▸ **Exercise objective**
With pictures excluded, copy word for word the lines in the data below from the line containing "In this middle" through the line containing "Omron Gentle Temp".

▸ **The data**
──────

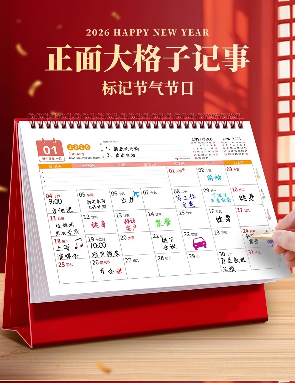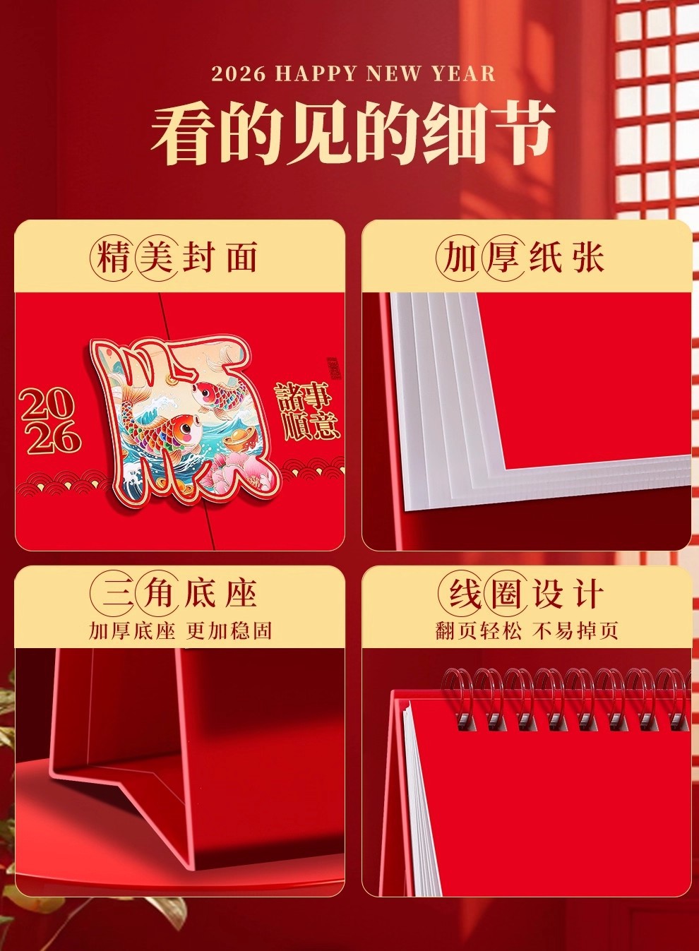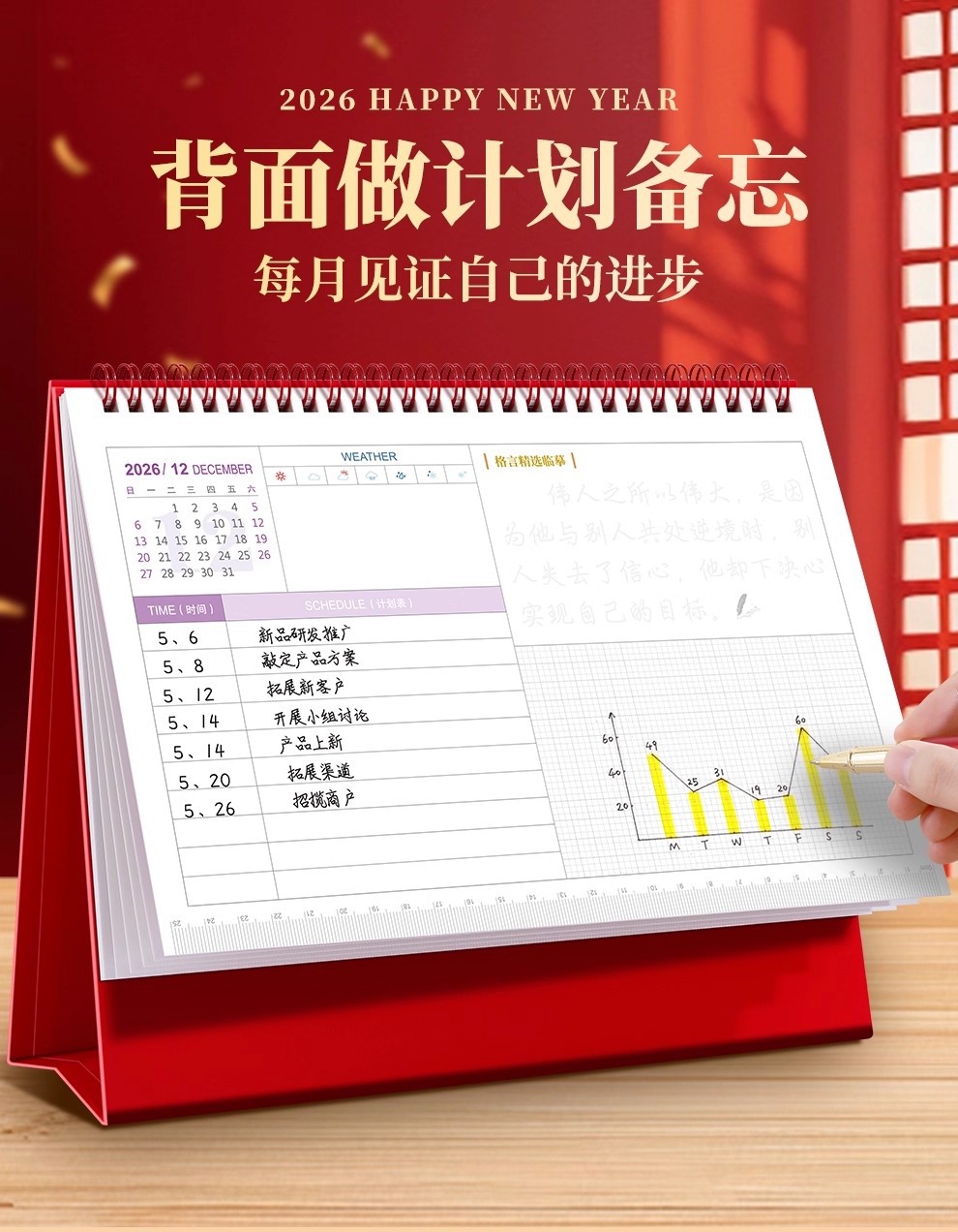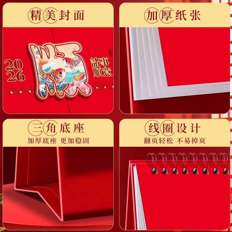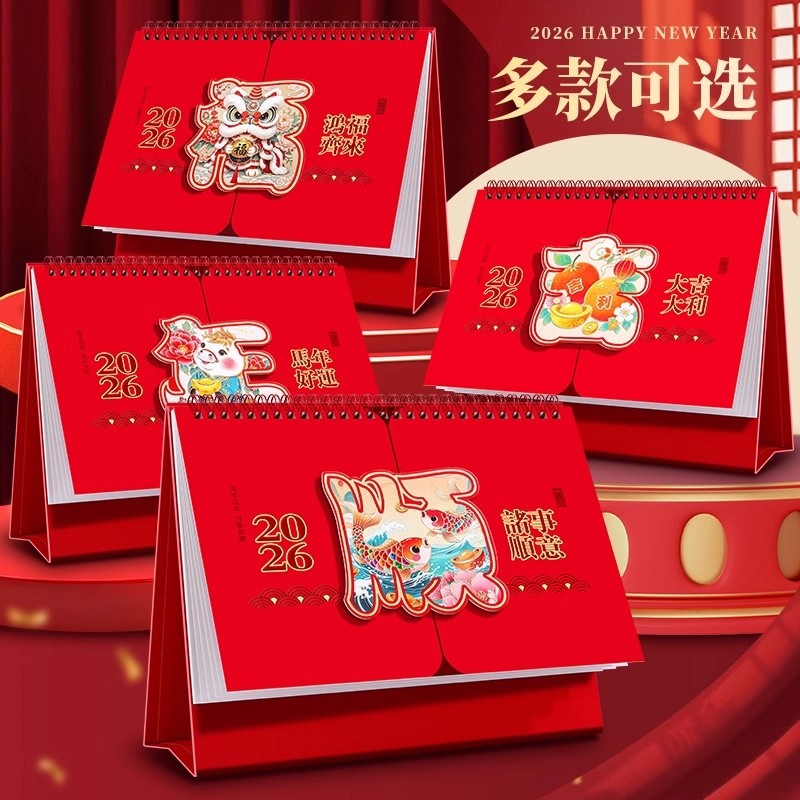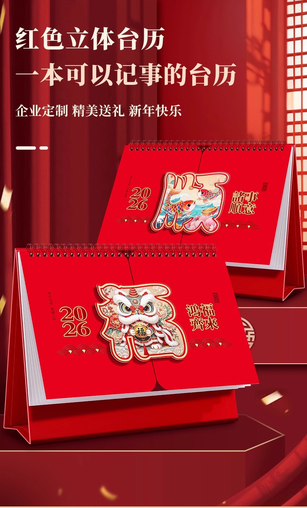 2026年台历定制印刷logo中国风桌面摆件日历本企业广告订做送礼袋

──────

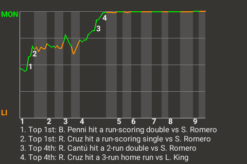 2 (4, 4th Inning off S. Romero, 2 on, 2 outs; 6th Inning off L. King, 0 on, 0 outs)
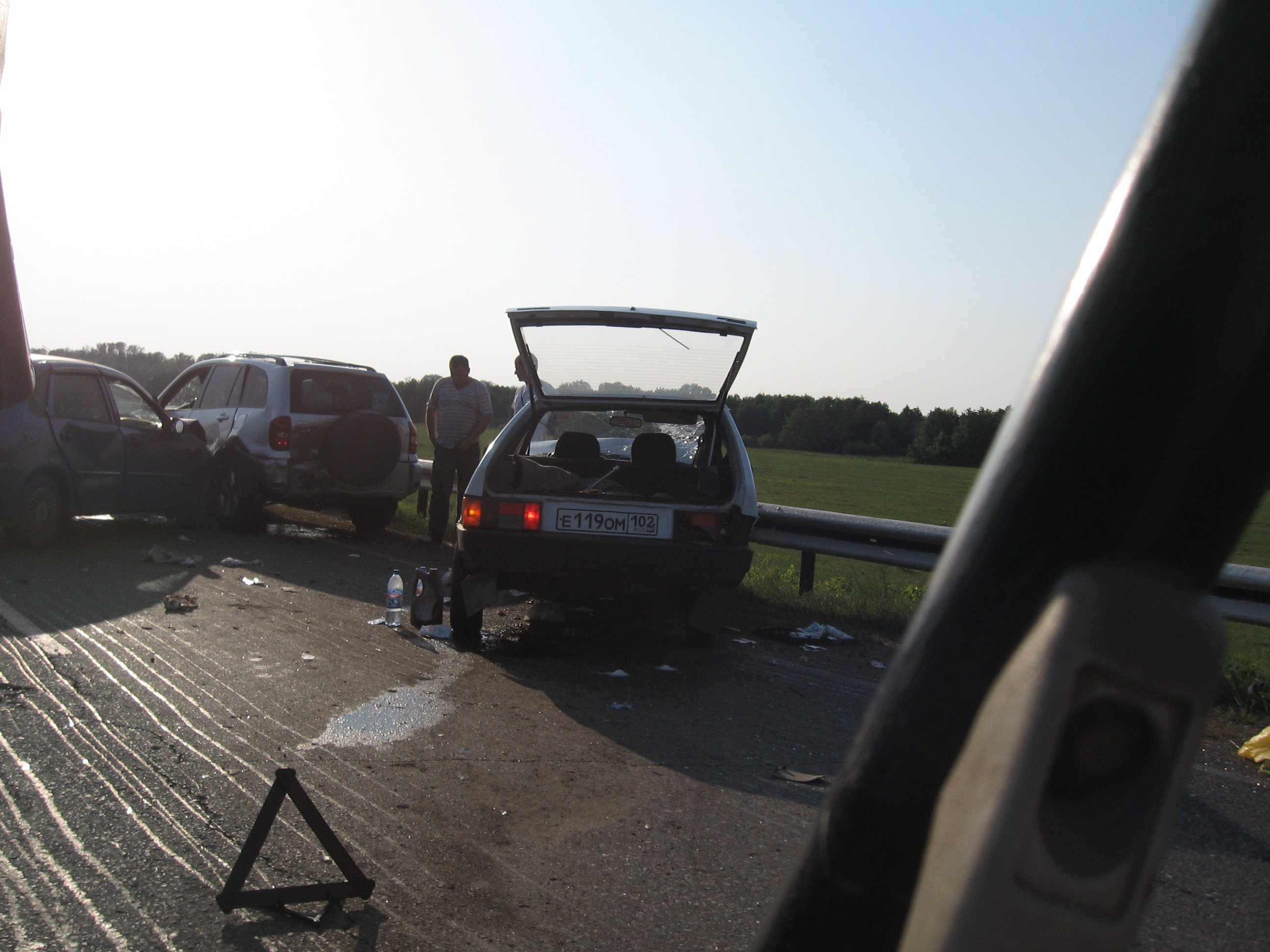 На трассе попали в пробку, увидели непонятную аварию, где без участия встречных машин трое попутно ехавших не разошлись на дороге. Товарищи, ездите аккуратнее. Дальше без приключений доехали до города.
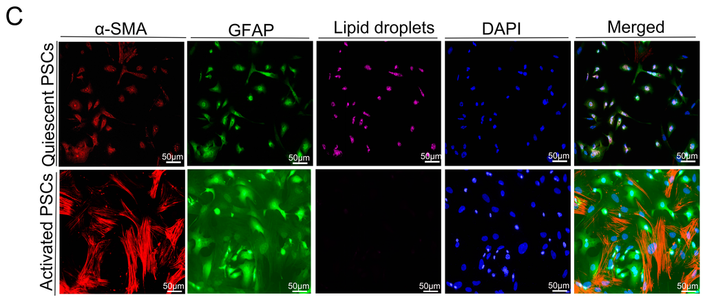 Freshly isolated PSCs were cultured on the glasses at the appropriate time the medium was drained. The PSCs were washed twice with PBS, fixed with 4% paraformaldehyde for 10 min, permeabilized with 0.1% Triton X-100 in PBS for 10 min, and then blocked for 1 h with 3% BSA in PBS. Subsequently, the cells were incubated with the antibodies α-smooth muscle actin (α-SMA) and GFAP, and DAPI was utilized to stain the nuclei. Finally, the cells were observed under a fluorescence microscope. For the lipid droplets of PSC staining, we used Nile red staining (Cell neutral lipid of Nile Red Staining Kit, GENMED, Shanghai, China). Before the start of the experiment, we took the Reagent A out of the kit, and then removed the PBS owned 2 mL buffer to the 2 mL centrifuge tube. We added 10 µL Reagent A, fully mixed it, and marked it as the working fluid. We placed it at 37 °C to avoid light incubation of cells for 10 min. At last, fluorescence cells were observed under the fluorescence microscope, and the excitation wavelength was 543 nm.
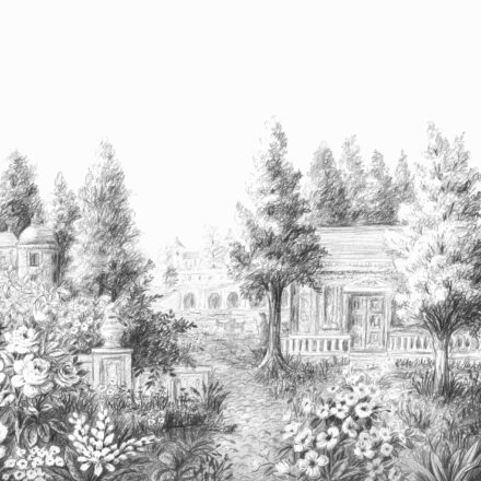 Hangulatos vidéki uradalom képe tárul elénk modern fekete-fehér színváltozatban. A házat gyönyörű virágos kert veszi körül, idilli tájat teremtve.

──────

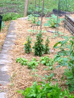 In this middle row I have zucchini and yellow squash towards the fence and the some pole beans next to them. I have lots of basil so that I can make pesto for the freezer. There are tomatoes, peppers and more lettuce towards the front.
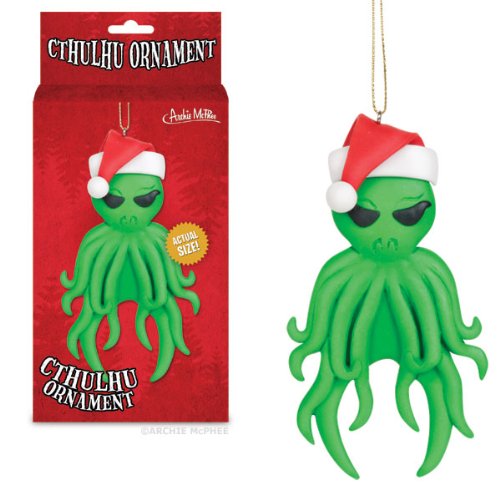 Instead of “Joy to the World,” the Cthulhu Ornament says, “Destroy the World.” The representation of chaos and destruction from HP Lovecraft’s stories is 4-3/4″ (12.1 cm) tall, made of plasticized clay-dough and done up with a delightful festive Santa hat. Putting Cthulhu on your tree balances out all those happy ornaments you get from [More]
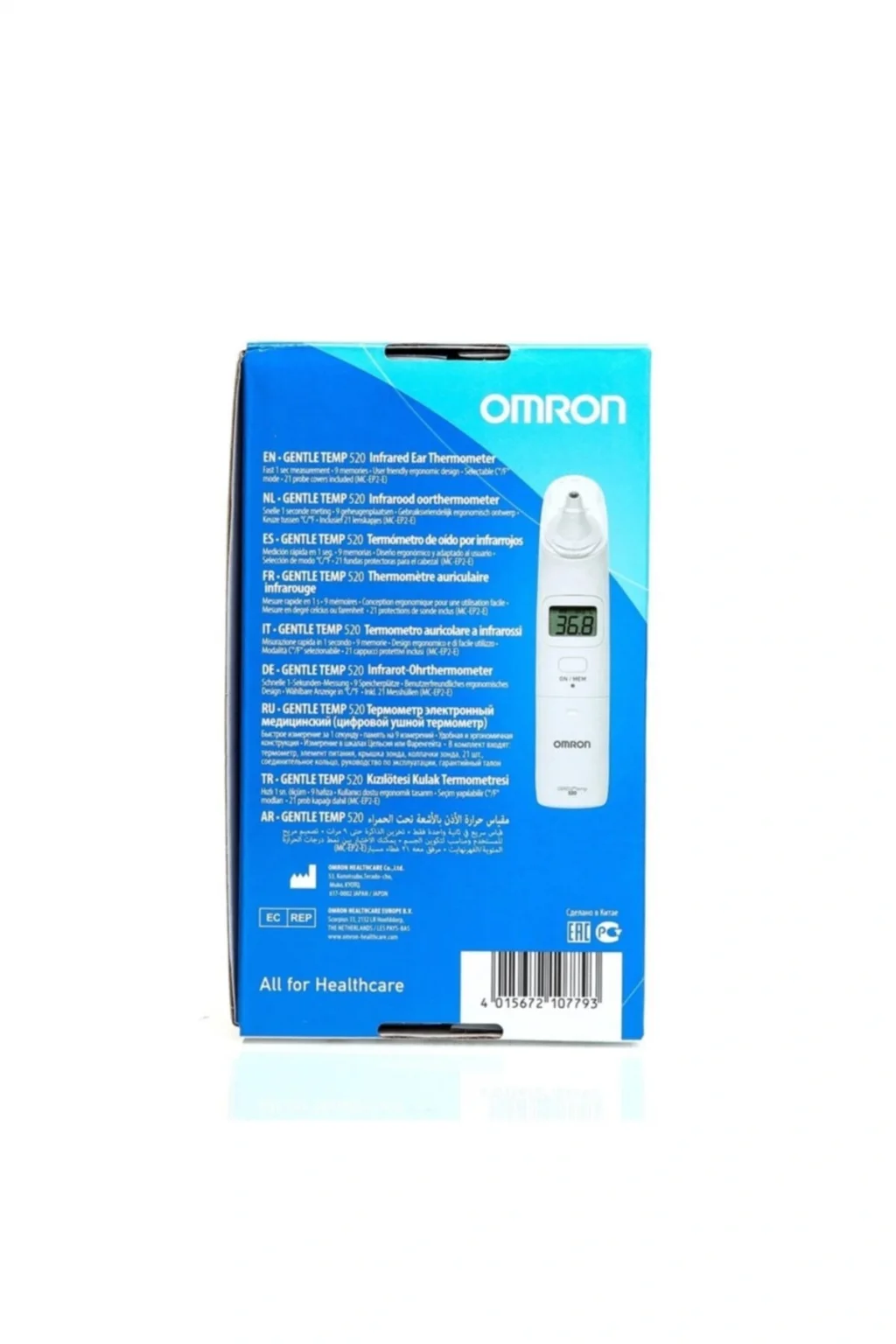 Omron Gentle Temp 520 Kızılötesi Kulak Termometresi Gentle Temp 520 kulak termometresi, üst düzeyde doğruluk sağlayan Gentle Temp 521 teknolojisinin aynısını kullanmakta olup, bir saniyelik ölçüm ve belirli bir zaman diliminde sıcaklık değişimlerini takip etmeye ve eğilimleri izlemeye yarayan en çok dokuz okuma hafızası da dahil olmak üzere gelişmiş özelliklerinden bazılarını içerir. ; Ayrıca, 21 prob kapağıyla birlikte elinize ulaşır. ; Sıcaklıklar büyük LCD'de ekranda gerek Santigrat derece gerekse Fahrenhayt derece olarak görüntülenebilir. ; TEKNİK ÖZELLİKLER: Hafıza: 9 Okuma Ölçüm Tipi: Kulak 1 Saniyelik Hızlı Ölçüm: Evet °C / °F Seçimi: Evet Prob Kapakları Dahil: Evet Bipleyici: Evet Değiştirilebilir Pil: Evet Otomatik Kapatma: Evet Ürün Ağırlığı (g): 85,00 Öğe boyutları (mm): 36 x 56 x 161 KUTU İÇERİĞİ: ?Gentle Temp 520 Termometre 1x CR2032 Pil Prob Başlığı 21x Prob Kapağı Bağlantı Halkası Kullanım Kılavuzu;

──────

▸ **Your response**
 In this middle row I have zucchini and yellow squash towards the fence and the some pole beans next to them. I have lots of basil so that I can make pesto for the freezer. There are tomatoes, peppers and more lettuce towards the front.
 Instead of “Joy to the World,” the Cthulhu Ornament says, “Destroy the World.” The representation of chaos and destruction from HP Lovecraft’s stories is 4-3/4″ (12.1 cm) tall, made of plasticized clay-dough and done up with a delightful festive Santa hat. Putting Cthulhu on your tree balances out all those happy ornaments you get from [More]
 Omron Gentle Temp 520 Kızılötesi Kulak Termometresi Gentle Temp 520 kulak termometresi, üst düzeyde doğruluk sağlayan Gentle Temp 521 teknolojisinin aynısını kullanmakta olup, bir saniyelik ölçüm ve belirli bir zaman diliminde sıcaklık değişimlerini takip etmeye ve eğilimleri izlemeye yarayan en çok dokuz okuma hafızası da dahil olmak üzere gelişmiş özelliklerinden bazılarını içerir. ; Ayrıca, 21 prob kapağıyla birlikte elinize ulaşır. ; Sıcaklıklar büyük LCD'de ekranda gerek Santigrat derece gerekse Fahrenhayt derece olarak görüntülenebilir. ; TEKNİK ÖZELLİKLER: Hafıza: 9 Okuma Ölçüm Tipi: Kulak 1 Saniyelik Hızlı Ölçüm: Evet °C / °F Seçimi: Evet Prob Kapakları Dahil: Evet Bipleyici: Evet Değiştirilebilir Pil: Evet Otomatik Kapatma: Evet Ürün Ağırlığı (g): 85,00 Öğe boyutları (mm): 36 x 56 x 161 KUTU İÇERİĞİ: ?Gentle Temp 520 Termometre 1x CR2032 Pil Prob Başlığı 21x Prob Kapağı Bağlantı Halkası Kullanım Kılavuzu;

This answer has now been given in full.